The Surgeon General issued an “Advisory on Naloxone and Opioid Overdose” today, drawing attention to the effectiveness of the opioid overdose antidote naloxone. The drug, approved for use since 1971, is an effective remedy that can be safely administered by lay personnel who receive basic instructions. The Advisory cites research demonstrating that community-based overdose education and naloxone distribution reduces overdose deaths, and points out that first responders in most states and communities are now equipped with the drug.
Because naloxone is available only by prescription, most states have developed workarounds to make it more available to patients and, in some cases, third parties who have proximity to medical and non-medical opioid users. This way, witnesses to an overdose can be capable of rescuing the victim. This usually involves a state authorizing pharmacists to prescribe the drug or, in many cases, the state health director, acting as the state’s physician, issuing a “standing order” to pharmacists to distribute it.
The Advisory lists a number of conditions and situations that might place a person at risk of opioid overdose and encourages such people, or people who know them, to avail themselves of naloxone. It supports efforts at wider distribution at the community level.

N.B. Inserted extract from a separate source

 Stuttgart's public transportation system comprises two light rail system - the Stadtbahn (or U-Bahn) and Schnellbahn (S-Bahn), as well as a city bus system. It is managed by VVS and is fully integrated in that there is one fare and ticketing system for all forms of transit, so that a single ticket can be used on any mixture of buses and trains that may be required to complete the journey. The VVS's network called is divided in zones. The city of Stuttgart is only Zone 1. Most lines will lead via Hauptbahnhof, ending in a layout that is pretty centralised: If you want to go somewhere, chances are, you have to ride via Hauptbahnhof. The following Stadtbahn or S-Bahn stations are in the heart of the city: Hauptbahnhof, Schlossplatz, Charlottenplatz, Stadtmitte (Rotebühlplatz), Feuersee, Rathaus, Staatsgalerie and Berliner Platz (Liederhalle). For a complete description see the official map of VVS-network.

Unfortunately, because of the stigma that has developed in association with opioid use, many opioid patients are reluctant to speak to the pharmacist and request a naloxone prescription. In some states, the naloxone will not be prescribed to third parties who know an opioid user. Also, numerous instances have been reported where pharmacists are reluctant to prescribe the antidote, believing they are “enabling” a drug abuser.
Recognizing this obstacle to naloxone distribution, Australia made it available over-the-counter in 2016, making it as easy to purchase as cold remedies or antacids. This way medical and nonmedical opioid users can discreetly make a purchase and check out at the cash register without having to answer any questions or face scrutiny from a pharmacist. The drug has been over-the-counter in Italy for over 20 years.

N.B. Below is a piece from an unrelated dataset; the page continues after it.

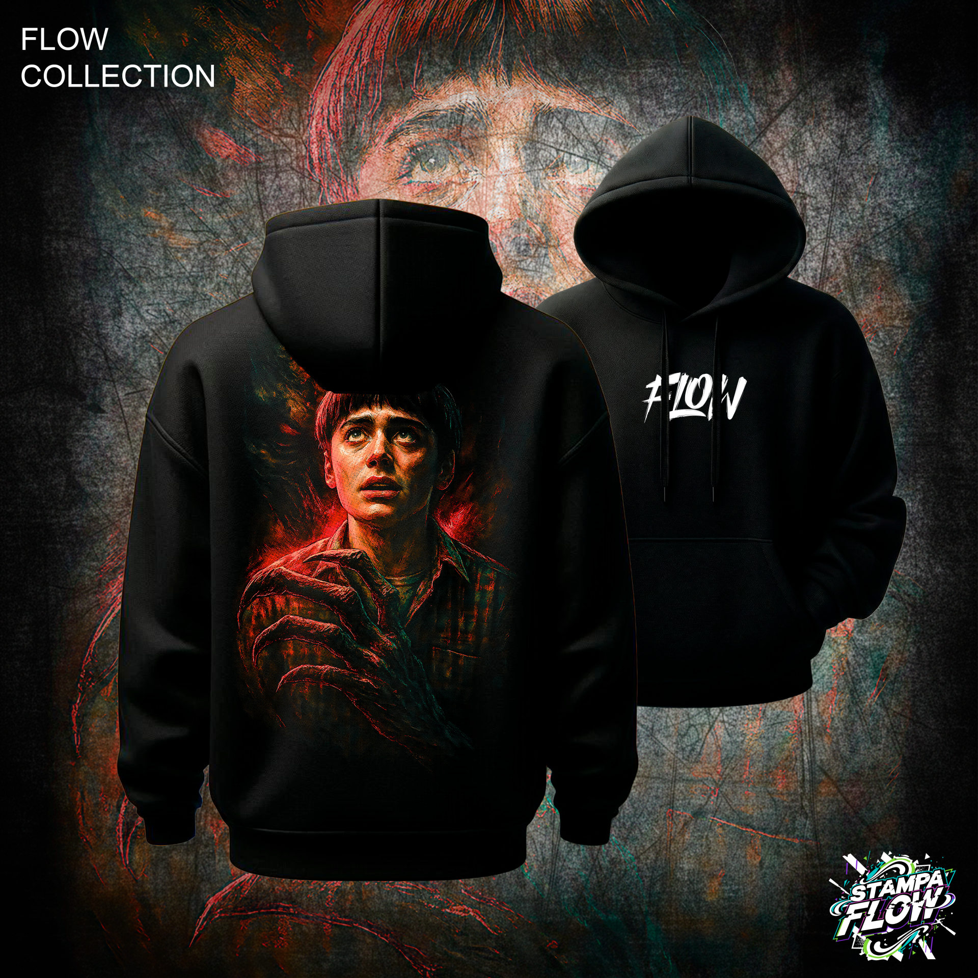 Questa felpa cattura l’essenza della suspense e del terrore puro. La stampa posteriore immortala il giovane protagonista con lo sguardo perso nella paura, mentre un artiglio mostruoso emerge dall’oscurità per stringerlo. I toni cupi e i bagliori rosso sangue ricreano l’atmosfera opprimente delle dimensioni parallele, dando vita a un capo dark, intenso e dal forte impatto narrativo. Sul petto, il logo FLOW firma il capo.

Based upon an August 2016 blog post, the Food and Drug Administration thinks it is reasonable to consider reclassifying naloxone as over-the-counter, and the FDA Deputy Director stated in the post that the agency would be willing to assist manufacturers in submitting applications for reclassification. But FDA regulations allow the commissioner to order a rescheduling review and allow petitions for OTC rescheduling from “any interested person”—not just drug manufacturers.
I’ve argued here that the FDA Commissioner should order an expedited reclassification review, and, if the Commissioner is unwilling to do so, then the Secretary of Health and Human Services—or even Congress—can see that it occurs. I’ve also contended that state legislatures—or even governors—as interested parties, can formally request an FDA review.
The Surgeon General’s April 5th Advisory singing the praises of naloxone and calling for its wider distribution in communities across the nation makes it obvious that the Surgeon General is an interested party. Because he thinks naloxone should be used more to reduce overdose deaths, the Surgeon General should formally request that the FDA Commissioner order an expedited review of naloxone in hopes that it will be available over-the-counter as quickly as possible.